>>>

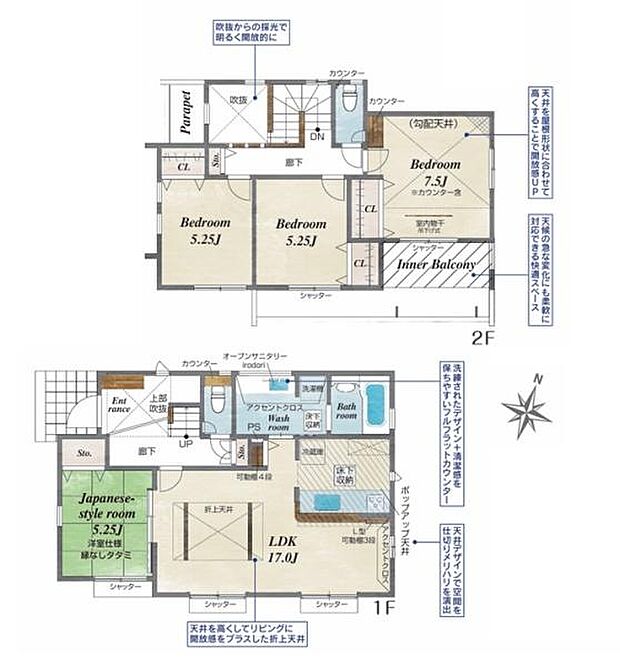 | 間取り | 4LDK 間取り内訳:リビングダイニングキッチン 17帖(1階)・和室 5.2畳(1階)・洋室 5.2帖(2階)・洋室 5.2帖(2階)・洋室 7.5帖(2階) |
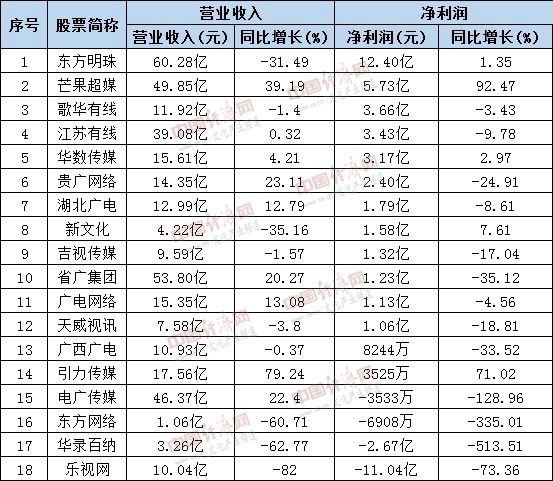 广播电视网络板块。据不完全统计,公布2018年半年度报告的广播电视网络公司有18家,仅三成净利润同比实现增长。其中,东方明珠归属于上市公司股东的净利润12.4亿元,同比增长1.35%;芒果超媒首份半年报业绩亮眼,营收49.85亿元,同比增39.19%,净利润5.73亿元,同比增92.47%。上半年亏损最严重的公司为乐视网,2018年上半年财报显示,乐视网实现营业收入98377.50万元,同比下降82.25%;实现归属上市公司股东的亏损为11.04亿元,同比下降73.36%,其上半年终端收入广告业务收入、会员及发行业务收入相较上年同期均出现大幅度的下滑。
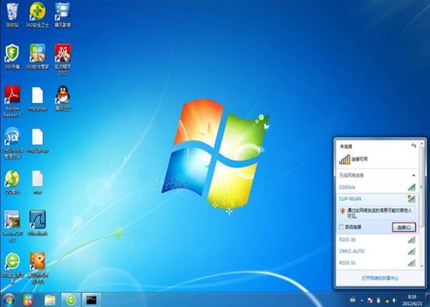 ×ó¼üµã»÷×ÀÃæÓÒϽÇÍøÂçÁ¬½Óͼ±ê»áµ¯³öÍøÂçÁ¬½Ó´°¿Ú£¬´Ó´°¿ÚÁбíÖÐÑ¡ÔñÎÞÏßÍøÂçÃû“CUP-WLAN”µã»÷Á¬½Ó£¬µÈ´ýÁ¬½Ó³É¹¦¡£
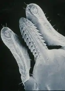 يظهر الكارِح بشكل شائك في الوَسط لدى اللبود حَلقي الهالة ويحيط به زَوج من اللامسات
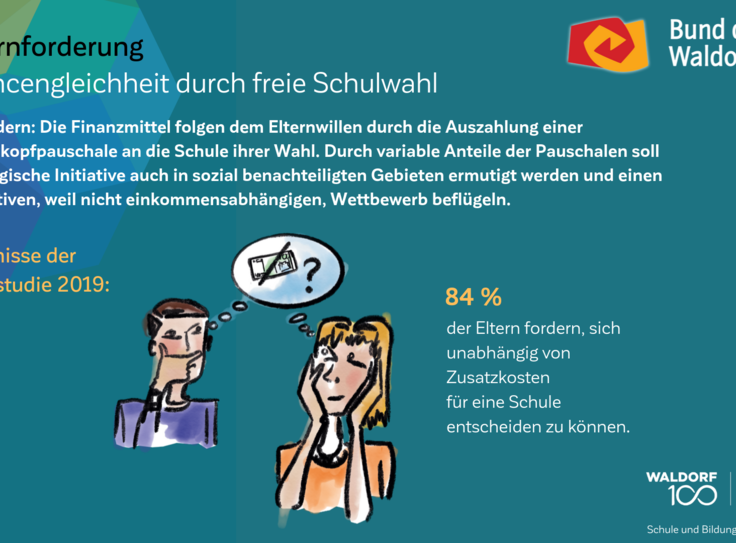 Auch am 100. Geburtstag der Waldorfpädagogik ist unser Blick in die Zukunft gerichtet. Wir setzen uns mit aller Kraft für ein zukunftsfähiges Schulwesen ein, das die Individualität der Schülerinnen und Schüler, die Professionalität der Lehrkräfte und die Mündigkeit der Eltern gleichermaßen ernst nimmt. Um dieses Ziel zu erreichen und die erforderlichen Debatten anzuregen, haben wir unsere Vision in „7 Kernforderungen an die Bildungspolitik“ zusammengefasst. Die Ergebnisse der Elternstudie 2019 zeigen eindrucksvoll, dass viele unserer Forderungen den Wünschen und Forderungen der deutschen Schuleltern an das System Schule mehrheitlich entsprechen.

<<<

Would you copy out the material above exactly, without the pictures in it?

 | 間取り | 4LDK 間取り内訳:リビングダイニングキッチン 17帖(1階)・和室 5.2畳(1階)・洋室 5.2帖(2階)・洋室 5.2帖(2階)・洋室 7.5帖(2階) |
 广播电视网络板块。据不完全统计,公布2018年半年度报告的广播电视网络公司有18家,仅三成净利润同比实现增长。其中,东方明珠归属于上市公司股东的净利润12.4亿元,同比增长1.35%;芒果超媒首份半年报业绩亮眼,营收49.85亿元,同比增39.19%,净利润5.73亿元,同比增92.47%。上半年亏损最严重的公司为乐视网,2018年上半年财报显示,乐视网实现营业收入98377.50万元,同比下降82.25%;实现归属上市公司股东的亏损为11.04亿元,同比下降73.36%,其上半年终端收入广告业务收入、会员及发行业务收入相较上年同期均出现大幅度的下滑。
 ×ó¼üµã»÷×ÀÃæÓÒϽÇÍøÂçÁ¬½Óͼ±ê»áµ¯³öÍøÂçÁ¬½Ó´°¿Ú£¬´Ó´°¿ÚÁбíÖÐÑ¡ÔñÎÞÏßÍøÂçÃû“CUP-WLAN”µã»÷Á¬½Ó£¬µÈ´ýÁ¬½Ó³É¹¦¡£
 يظهر الكارِح بشكل شائك في الوَسط لدى اللبود حَلقي الهالة ويحيط به زَوج من اللامسات
 Auch am 100. Geburtstag der Waldorfpädagogik ist unser Blick in die Zukunft gerichtet. Wir setzen uns mit aller Kraft für ein zukunftsfähiges Schulwesen ein, das die Individualität der Schülerinnen und Schüler, die Professionalität der Lehrkräfte und die Mündigkeit der Eltern gleichermaßen ernst nimmt. Um dieses Ziel zu erreichen und die erforderlichen Debatten anzuregen, haben wir unsere Vision in „7 Kernforderungen an die Bildungspolitik“ zusammengefasst. Die Ergebnisse der Elternstudie 2019 zeigen eindrucksvoll, dass viele unserer Forderungen den Wünschen und Forderungen der deutschen Schuleltern an das System Schule mehrheitlich entsprechen.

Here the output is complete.